Practice Essentials

Transient tachypnea of the newborn (TTN) represents persistence of fetal lung fluid at birth and generally presents within a few hours of birth.^[1]The prominent clinical feature of TTN is tachypnea, but neonates with the condition may also present with chest retractions; mild to moderate respiratory distress, including expiratory grunting and nasal flaring; or occasionally cyanosis.^{[1, 2]}

Common risk factors for TTN include cesarean deliveries, prolonged labor, maternal diabetes or asthma, male sex, macrosomia, and late preterm gestation.^[1] Studies have shown that TTN accounts for 33-50% of breathing difficulties in neonates, with an incidence of 5-6 cases per 1000 births.^{[1, 3]}

TTN is caused by delayed fetal lung fluid reabsorption and clearance of alveolar fluid.^{[1, 2]} This phenomenon occurs because of a variety of factors, namely a lack of epinephrine during labor to activate epithelial Na+ channels to promote fluid absorption and the absence of a vaginal delivery to provide the mechanical expulsion of lung fluid.^[2] This results in engorged lymphatics and a buildup of interstitial fluid, which leads to expiratory obstruction and hyperinflation.^[2]

A TTN diagnosis is made after assessing an infant’s clinical presentation, a physical examination, and often chest radiographs.^[2] Common differential diagnoses include surfactant deficiency disease, meconium aspiration, and neonatal pneumonia.

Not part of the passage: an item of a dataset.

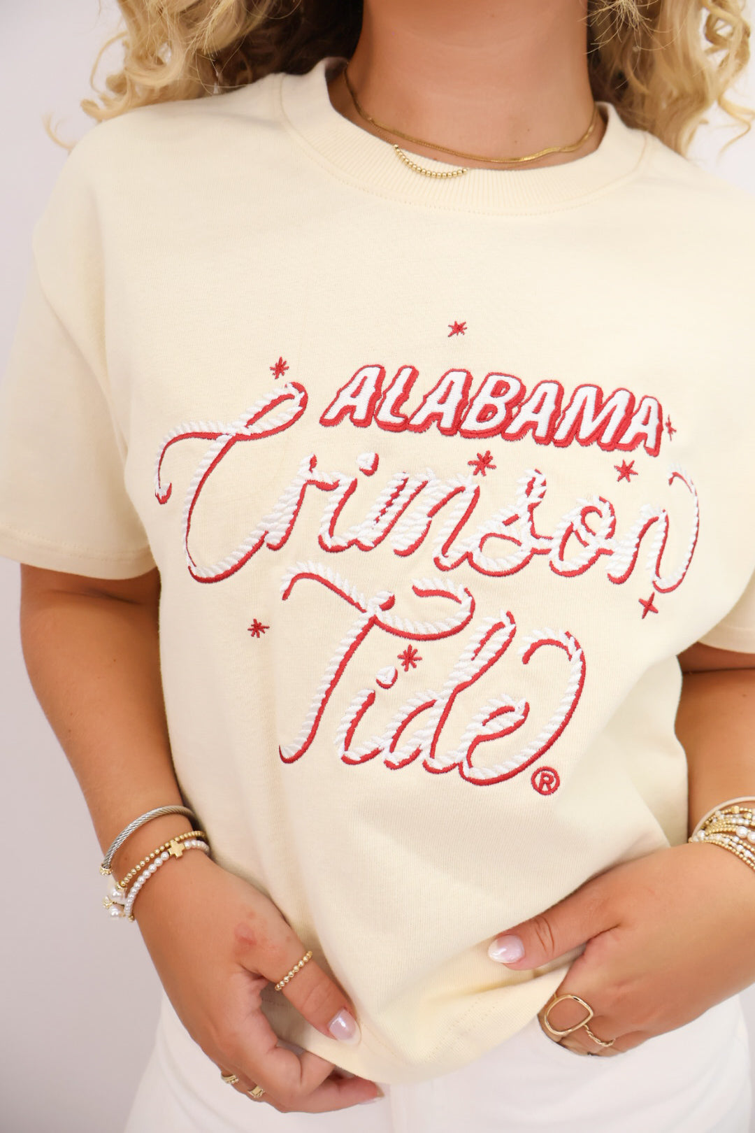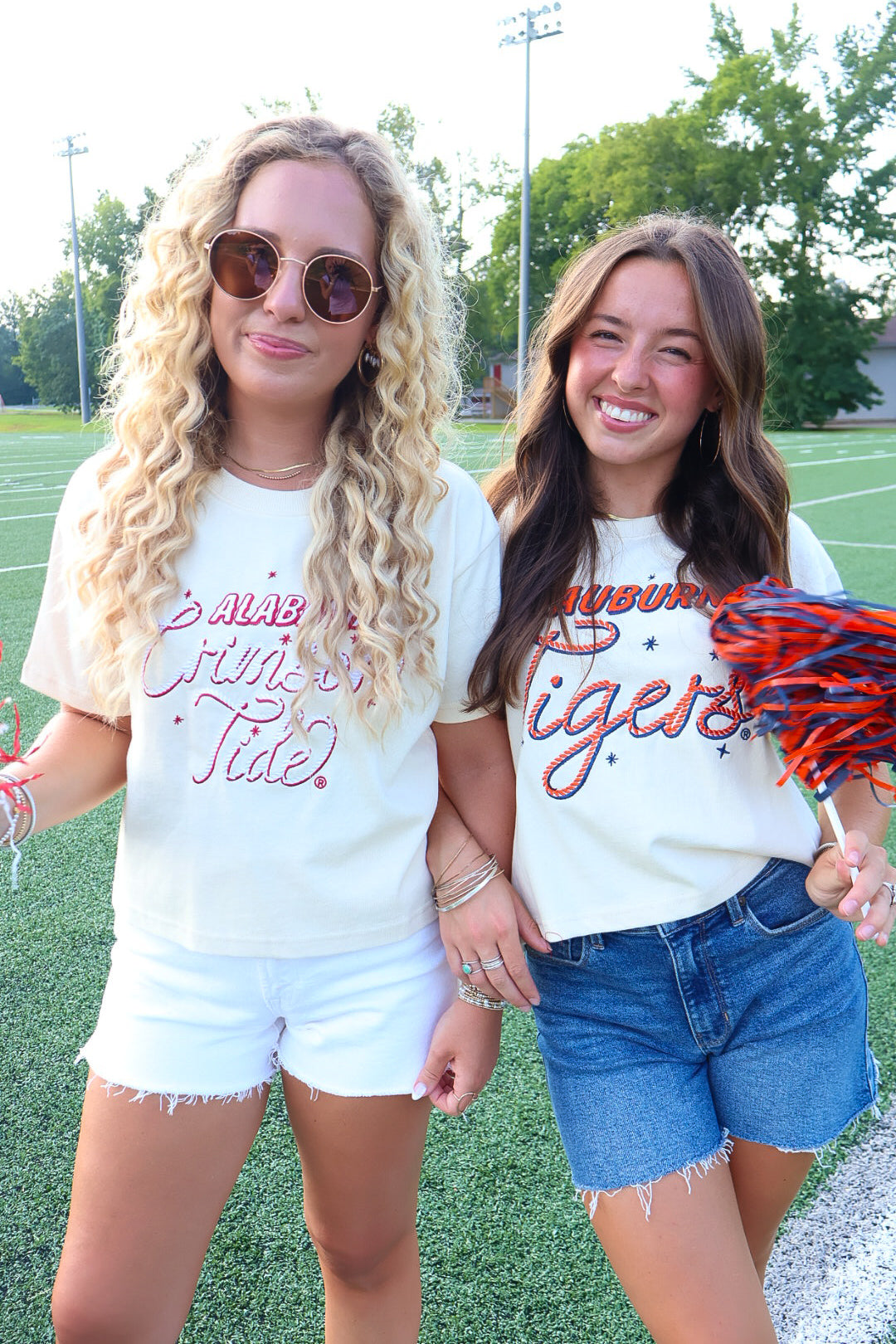 The tee your gameday lineup needs. This Alabama Crimson Tide embroidered crop tee is sweet, sporty, and a total standout. The creamy ivory base sets the stage for bold red embroidered lettering, with playful stars and a rope-style script that gives a nod to vintage spirit wear. It’s cropped just right for high-rise denim or athletic skirts and designed in a soft, mid-weight cotton that keeps you comfy from tailgate to touchdown. Whether you’re heading to Tuscaloosa or repping from your couch, this one’s an easy favorite for the season.

Other conditions to be considered are congenital lymphangiectasia, congenital heart disease, polycythemia, cerebral hyperventilation, and anemia/hypovolemia.

The 2 main imaging modalities for TTN are radiography and ultrasonography. Chest radiography is the continued standard method of radiologic examination.^{[1, 2, 4]}The clinical course of transient tachypnea is relatively benign, and radiographic severity may not correlate with the clinical picture.^[4]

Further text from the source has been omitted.